=== Begin Enclosure ===
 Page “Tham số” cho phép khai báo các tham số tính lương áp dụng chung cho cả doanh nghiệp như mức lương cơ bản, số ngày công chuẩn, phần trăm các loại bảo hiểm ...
=== End Enclosure ===
=== Begin Enclosure ===
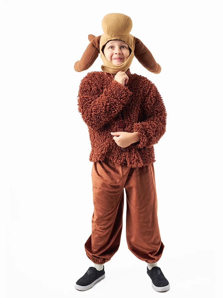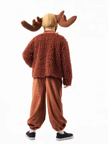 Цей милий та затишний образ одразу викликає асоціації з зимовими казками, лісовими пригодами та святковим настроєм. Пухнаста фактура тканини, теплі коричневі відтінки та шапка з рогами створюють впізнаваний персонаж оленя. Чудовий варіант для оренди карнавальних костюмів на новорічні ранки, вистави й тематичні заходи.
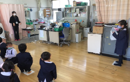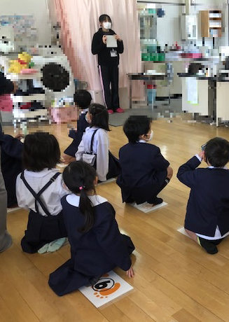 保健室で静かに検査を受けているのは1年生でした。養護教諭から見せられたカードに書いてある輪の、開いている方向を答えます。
=== End Enclosure ===
▸ Instructions for the task
Look above for the line with "Цей милий та" and the line with "保健室で静かに検査を受けてい". Give again exactly those two lines and all lines between them, pictures excluded.

▸ Response area
 Цей милий та затишний образ одразу викликає асоціації з зимовими казками, лісовими пригодами та святковим настроєм. Пухнаста фактура тканини, теплі коричневі відтінки та шапка з рогами створюють впізнаваний персонаж оленя. Чудовий варіант для оренди карнавальних костюмів на новорічні ранки, вистави й тематичні заходи.
 保健室で静かに検査を受けているのは1年生でした。養護教諭から見せられたカードに書いてある輪の、開いている方向を答えます。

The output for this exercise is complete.